To reproduce the ABC score introduced in Fulco et al.13, we obtained the BigWig of H3K27ac ChIP–seq data in K562 from ENCODE with file accession ENCFF779QTH and DNase with file accessions ENCFF413AHU and ENCFF936BDN. We summed the normalized reads from replicates. For each track and enhancer, we summed up the signal at the enhancer in a fixed window of 2 kb centered at the enhancer. This fixed and broader window yielded better performance compared to the variable window size of ~500 bp as used in the original ABC score (Extended Data Fig. 4a).

GTEx SLDP

We predicted the effect of a genetic variant on various annotations by computing a forward pass through the model using the reference and alternative alleles, subtracting their difference, and summing outputs across the sequence to obtain a signed score for each training dataset. We averaged scores computed using the forward and reverse complement sequence and small sequence shifts to the left and right. We computed scores for all 1000 Genomes SNPs.

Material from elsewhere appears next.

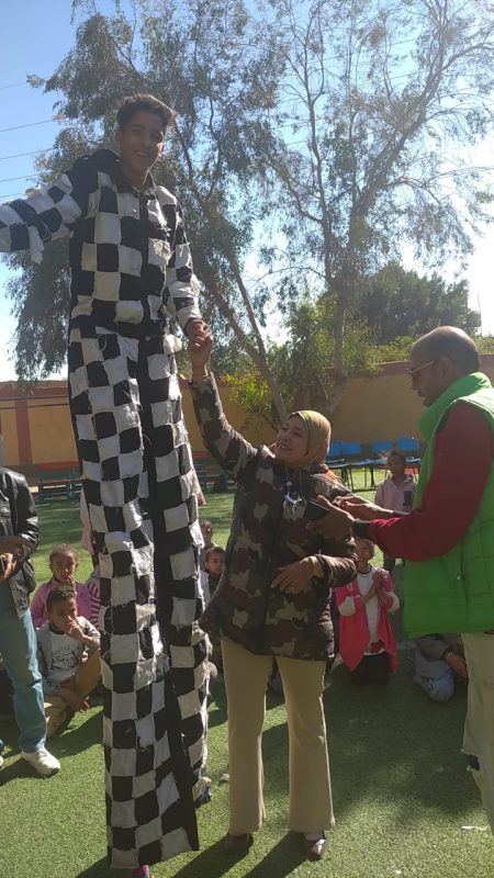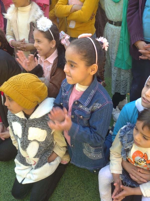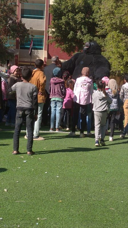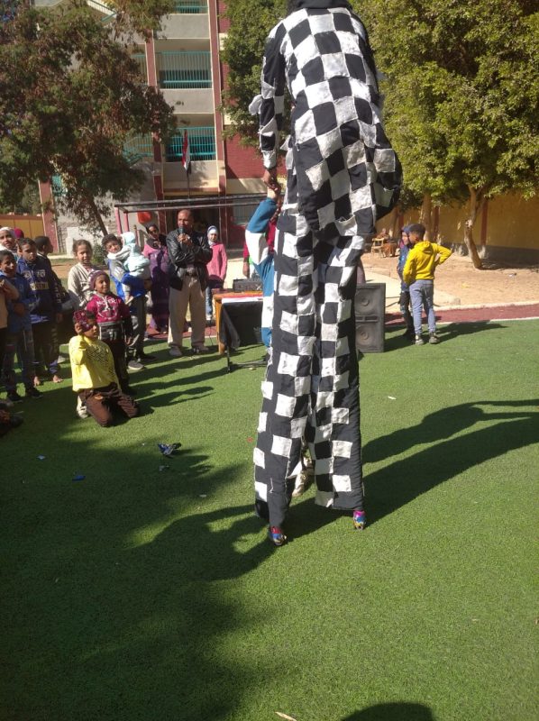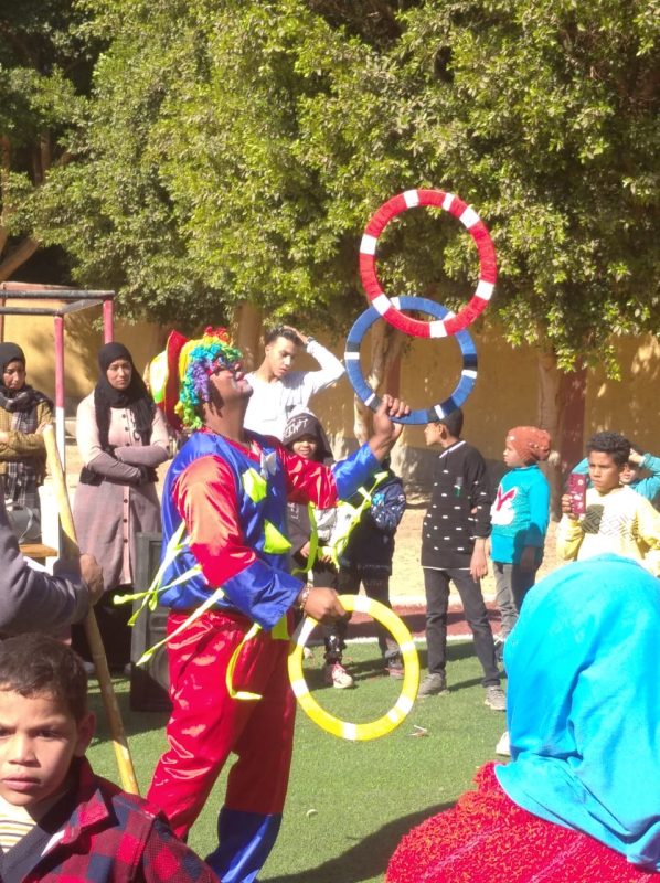 بين طلاب وطالبات المدرسة ثم قام فريق السيرك بتقديم فقرات متنوعة أسعدت التلاميذ

We used SLDP20 to estimate the functional correlation between these scores and GTEx v7a summary statistics for 48 tissues while accounting for population linkage disequilibrium structure (Supplementary Information).

Fine-mapped GTEx classification

To study specific eQTLs without needing to consider LD, we studied statistical fine-mapping of GTEx v8 using the SuSiE method20,23. We focused on variants with posterior inclusion probability (PIP) in a credible causal set >0.9, which ranged from a minimum of 166 variants for substantia nigra to 2,740 for tibial nerve. We arranged a classification task to discriminate between these positive causal variants and a matched set of negative variants. When available, we chose a negative variant matched to each causal variant from the set with PIP < 0.01 but |Z-score| > 4 tested for the same gene. When unavailable for the same gene, we chose from the set with PIP < 0.01 and |Z-score| > 6 genome-wide.

To determine how informative different variant annotations are, we trained separate random forest classifiers for each tissue to distinguish causal from noncausal variants using eight-fold crossvalidation. We selected the default hyperparameters of the scikit-learn 0.22 implementation after finding negligible accuracy gains from modifying them44. However, owing to the large number of features derived from the training datasets, setting the maximum features considered per decision tree split to log2 of the total number of features greatly improved the computational efficiency. We fit 100 iterations of stochastic crossvalidation shuffling and random forest fitting to delineate a low-variance estimate of model accuracy. We performed statistical tests comparing two different model feature sets by comparing the 8 × 100 distinct test set auROCs.

For signed GTEx analysis, we benchmarked model predictions on the basis of their ability to discriminate causal variants that increase versus decrease gene expression. In this analysis, we removed variants that affect gene expression in opposite directions for different cis-genes. We manually matched FANTOM5 CAGE sample descriptions to the GTEx tissues. We skipped cases with more than three possible matches. In cases with two or three possible matches, we chose the CAGE sample with the best average concordance between the Basenji2 and Enformer predictions. We computed auROC statistics by ranking causal variants by their signed prediction for that sample.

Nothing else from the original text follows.